-- RECORDS SUPPLIED follows --

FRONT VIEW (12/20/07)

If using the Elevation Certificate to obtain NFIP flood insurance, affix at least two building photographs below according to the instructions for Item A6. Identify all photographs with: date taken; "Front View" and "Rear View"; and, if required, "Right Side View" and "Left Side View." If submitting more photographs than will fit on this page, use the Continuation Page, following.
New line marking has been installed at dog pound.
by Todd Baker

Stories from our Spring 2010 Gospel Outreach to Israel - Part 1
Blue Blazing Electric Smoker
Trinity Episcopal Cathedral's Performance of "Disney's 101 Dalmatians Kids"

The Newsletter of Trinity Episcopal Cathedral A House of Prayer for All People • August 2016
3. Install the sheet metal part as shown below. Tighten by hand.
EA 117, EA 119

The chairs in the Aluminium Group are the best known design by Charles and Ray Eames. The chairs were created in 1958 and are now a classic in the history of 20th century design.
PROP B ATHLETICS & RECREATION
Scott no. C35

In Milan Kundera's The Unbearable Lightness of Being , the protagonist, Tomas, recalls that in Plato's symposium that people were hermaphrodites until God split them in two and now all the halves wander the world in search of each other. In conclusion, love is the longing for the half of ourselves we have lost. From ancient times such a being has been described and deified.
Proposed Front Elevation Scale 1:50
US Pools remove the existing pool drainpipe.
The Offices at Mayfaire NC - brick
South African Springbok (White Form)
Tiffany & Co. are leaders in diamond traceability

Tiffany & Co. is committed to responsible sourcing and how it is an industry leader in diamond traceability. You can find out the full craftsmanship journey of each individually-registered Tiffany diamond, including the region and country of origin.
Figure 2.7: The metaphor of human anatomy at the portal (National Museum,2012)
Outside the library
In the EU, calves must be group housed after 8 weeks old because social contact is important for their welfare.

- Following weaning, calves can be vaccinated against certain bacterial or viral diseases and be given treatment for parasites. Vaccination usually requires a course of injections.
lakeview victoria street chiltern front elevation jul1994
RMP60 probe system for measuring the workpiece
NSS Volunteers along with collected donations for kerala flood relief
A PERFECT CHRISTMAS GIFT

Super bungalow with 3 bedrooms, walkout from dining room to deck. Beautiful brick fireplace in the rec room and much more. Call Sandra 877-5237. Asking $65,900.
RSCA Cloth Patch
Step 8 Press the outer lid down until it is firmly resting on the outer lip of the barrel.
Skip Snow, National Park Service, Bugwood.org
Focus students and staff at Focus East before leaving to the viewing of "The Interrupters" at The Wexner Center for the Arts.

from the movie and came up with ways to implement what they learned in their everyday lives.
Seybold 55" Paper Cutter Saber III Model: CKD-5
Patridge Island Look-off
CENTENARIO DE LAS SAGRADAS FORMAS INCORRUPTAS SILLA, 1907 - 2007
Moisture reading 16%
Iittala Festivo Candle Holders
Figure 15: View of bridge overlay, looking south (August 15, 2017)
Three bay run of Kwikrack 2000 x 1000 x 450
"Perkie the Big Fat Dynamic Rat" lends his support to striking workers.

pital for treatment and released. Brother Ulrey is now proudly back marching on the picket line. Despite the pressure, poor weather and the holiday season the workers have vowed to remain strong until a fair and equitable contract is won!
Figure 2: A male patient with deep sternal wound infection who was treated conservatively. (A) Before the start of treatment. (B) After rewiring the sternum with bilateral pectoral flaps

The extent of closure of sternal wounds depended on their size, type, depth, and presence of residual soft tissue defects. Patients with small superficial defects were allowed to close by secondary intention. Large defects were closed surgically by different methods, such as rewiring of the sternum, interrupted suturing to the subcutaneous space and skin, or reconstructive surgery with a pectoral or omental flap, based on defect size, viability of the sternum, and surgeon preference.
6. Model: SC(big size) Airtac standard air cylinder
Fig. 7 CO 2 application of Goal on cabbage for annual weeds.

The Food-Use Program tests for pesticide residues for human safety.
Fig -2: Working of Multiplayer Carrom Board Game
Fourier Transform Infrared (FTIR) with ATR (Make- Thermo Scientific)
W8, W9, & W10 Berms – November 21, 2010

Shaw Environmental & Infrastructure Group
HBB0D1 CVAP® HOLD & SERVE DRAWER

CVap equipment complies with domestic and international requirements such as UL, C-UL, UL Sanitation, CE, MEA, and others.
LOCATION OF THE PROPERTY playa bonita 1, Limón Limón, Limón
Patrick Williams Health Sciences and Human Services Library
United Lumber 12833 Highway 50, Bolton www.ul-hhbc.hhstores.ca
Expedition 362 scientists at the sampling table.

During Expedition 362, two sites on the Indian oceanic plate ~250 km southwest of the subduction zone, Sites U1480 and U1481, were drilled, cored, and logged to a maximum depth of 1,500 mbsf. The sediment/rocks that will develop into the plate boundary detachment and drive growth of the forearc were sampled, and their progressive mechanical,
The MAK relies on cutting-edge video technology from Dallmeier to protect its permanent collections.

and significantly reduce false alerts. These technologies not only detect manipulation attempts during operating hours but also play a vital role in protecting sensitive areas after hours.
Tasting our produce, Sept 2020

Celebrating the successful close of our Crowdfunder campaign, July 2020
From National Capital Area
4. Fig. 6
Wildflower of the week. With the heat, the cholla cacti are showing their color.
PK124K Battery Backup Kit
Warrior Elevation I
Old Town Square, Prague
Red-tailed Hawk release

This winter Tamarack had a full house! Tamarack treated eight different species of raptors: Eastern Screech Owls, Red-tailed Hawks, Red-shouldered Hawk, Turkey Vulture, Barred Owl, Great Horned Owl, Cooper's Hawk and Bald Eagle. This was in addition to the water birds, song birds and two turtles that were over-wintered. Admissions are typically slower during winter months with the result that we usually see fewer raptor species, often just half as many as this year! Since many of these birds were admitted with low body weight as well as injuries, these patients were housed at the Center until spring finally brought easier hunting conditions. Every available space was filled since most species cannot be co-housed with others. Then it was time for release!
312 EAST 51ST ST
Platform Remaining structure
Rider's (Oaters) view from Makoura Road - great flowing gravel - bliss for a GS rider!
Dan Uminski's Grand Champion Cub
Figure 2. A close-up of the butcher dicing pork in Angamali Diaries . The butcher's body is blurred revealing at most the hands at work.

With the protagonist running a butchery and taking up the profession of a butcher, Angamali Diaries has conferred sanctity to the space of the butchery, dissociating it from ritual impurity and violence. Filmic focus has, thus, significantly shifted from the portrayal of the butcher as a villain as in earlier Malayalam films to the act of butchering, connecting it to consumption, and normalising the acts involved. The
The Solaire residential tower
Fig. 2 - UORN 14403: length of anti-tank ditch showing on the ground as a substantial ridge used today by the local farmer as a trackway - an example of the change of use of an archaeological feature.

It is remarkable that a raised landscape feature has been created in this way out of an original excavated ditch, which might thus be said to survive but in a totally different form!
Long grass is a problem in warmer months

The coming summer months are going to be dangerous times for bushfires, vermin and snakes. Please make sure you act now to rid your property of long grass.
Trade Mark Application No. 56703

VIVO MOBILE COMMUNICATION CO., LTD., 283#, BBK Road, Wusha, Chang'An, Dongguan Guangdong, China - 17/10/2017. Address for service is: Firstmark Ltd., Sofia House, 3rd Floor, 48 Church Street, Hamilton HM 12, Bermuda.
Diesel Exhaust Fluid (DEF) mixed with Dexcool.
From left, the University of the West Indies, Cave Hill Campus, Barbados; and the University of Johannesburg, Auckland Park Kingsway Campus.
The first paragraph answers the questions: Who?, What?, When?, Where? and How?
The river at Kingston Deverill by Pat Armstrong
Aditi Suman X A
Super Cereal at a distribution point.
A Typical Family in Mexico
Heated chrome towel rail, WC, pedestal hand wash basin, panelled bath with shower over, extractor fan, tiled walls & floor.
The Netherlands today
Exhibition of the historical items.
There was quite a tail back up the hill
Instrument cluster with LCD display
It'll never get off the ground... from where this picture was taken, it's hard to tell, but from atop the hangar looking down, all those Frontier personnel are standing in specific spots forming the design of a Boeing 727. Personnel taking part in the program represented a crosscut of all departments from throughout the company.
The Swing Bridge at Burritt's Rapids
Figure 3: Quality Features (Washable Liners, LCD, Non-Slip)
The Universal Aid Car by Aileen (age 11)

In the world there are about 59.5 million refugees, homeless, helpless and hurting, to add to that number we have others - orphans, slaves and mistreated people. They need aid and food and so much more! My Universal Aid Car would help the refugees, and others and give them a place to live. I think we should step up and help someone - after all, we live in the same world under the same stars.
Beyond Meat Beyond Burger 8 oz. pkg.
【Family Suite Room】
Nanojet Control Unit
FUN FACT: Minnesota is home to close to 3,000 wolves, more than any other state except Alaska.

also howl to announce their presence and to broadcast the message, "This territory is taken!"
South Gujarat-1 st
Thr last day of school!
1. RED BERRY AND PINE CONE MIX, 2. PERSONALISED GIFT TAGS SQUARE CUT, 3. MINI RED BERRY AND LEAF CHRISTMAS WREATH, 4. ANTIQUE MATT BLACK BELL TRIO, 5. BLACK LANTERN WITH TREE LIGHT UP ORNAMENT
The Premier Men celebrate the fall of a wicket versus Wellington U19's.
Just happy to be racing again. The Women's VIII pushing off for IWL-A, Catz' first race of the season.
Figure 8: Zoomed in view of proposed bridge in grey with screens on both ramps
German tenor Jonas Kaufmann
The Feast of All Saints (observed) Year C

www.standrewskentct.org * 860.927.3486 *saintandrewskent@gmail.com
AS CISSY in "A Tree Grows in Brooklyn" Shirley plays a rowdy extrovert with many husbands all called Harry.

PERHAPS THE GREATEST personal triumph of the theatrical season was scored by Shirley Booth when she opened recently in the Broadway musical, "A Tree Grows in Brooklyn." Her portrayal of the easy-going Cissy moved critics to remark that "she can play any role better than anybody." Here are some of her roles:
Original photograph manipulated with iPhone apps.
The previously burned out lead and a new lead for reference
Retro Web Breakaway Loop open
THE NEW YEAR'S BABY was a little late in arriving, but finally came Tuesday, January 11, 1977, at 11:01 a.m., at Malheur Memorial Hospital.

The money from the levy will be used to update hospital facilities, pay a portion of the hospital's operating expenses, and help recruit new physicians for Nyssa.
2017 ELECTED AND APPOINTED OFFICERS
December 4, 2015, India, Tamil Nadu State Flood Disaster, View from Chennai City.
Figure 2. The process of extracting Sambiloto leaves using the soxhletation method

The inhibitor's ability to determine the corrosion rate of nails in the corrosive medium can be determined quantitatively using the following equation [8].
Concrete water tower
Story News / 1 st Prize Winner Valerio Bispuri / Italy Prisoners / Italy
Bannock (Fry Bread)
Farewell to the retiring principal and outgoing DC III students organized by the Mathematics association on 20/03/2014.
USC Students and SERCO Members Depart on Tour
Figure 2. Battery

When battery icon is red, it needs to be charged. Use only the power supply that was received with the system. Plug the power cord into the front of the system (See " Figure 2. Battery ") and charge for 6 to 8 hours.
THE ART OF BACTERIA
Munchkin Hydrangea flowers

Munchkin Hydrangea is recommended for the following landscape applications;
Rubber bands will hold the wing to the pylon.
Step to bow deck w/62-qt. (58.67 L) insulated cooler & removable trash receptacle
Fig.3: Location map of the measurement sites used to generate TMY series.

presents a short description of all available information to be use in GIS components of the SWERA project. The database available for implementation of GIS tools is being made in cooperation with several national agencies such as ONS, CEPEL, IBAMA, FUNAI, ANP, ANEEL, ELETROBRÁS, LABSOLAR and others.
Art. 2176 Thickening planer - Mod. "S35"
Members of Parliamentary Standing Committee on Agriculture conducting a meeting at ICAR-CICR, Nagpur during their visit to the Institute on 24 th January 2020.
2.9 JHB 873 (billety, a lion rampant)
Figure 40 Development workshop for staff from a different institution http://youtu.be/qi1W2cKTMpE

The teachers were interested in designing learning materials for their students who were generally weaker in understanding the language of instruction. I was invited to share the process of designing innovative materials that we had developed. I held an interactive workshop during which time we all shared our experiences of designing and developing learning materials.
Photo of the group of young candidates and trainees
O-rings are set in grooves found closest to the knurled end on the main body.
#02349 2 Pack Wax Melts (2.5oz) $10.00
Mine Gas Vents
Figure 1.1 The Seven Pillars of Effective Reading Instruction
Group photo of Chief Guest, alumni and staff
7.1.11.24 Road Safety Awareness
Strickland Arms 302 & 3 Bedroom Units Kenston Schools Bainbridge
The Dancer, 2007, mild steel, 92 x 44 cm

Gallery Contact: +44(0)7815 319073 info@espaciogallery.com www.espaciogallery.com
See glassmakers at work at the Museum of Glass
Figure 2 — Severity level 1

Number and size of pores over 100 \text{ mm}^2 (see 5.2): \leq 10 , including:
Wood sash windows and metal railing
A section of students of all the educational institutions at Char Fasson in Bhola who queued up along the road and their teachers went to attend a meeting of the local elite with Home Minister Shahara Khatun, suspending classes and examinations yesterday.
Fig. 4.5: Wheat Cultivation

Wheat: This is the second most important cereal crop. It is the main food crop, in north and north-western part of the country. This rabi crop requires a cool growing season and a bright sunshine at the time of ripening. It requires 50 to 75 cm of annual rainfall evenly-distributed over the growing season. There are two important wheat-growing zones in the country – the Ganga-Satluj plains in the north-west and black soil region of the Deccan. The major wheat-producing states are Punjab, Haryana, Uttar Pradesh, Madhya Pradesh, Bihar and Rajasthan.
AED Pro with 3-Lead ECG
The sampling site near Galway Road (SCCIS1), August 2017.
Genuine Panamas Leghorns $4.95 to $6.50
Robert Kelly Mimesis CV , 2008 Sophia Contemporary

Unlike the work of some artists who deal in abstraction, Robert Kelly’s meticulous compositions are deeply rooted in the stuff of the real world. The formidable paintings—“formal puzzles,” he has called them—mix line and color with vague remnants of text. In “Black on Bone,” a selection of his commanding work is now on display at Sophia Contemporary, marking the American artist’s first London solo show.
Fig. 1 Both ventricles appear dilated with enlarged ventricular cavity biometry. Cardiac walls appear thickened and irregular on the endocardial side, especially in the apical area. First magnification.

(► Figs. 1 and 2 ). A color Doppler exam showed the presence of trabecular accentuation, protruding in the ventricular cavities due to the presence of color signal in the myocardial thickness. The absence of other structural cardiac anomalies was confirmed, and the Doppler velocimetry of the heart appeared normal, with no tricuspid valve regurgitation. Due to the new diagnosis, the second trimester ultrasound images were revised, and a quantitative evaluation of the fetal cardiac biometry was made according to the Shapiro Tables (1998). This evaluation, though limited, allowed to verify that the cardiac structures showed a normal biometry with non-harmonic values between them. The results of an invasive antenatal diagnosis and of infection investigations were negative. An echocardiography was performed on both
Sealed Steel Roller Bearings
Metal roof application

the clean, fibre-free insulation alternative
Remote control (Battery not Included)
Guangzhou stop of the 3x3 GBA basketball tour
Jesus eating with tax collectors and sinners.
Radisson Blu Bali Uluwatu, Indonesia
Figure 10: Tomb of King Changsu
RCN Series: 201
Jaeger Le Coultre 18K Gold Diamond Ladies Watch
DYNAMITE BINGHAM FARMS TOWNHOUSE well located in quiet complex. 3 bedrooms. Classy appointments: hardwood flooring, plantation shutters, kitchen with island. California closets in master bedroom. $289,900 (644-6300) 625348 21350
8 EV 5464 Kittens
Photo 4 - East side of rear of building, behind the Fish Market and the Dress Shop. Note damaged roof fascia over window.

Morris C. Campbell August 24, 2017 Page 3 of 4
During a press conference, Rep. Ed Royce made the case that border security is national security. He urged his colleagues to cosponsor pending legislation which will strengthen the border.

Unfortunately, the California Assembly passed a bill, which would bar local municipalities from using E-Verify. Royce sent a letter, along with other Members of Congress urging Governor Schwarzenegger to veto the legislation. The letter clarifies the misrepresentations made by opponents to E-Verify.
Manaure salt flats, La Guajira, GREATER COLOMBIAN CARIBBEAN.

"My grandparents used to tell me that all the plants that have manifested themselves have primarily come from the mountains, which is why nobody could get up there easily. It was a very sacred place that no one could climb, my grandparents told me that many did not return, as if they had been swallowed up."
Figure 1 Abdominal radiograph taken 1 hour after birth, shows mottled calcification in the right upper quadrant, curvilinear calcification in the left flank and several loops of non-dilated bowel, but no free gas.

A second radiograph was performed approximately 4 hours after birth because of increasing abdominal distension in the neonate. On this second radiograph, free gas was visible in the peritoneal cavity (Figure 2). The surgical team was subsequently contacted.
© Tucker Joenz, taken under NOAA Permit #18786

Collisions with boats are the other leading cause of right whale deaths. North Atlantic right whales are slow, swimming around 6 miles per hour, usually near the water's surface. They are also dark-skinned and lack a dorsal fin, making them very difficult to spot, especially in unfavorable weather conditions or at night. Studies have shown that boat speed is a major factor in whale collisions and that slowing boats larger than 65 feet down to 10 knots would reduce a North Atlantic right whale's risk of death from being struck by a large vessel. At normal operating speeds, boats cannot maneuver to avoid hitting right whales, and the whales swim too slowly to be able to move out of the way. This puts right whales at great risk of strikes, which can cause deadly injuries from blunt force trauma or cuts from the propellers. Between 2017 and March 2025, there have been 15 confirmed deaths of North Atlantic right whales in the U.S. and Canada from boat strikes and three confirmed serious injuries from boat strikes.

-- RECORDS SUPPLIED concluded --

(PROBLEM TO SOLVE)
For this exercise, repeat exactly the lines of the data above from the one with "RSCA Cloth Patch" down to the one with "Figure 2: A", both end lines included.

(ANSWER TO THIS TASK)
RSCA Cloth Patch
Step 8 Press the outer lid down until it is firmly resting on the outer lip of the barrel.
Skip Snow, National Park Service, Bugwood.org
Focus students and staff at Focus East before leaving to the viewing of "The Interrupters" at The Wexner Center for the Arts.

from the movie and came up with ways to implement what they learned in their everyday lives.
Seybold 55" Paper Cutter Saber III Model: CKD-5
Patridge Island Look-off
CENTENARIO DE LAS SAGRADAS FORMAS INCORRUPTAS SILLA, 1907 - 2007
Moisture reading 16%
Iittala Festivo Candle Holders
Figure 15: View of bridge overlay, looking south (August 15, 2017)
Three bay run of Kwikrack 2000 x 1000 x 450
"Perkie the Big Fat Dynamic Rat" lends his support to striking workers.

pital for treatment and released. Brother Ulrey is now proudly back marching on the picket line. Despite the pressure, poor weather and the holiday season the workers have vowed to remain strong until a fair and equitable contract is won!
Figure 2: A male patient with deep sternal wound infection who was treated conservatively. (A) Before the start of treatment. (B) After rewiring the sternum with bilateral pectoral flaps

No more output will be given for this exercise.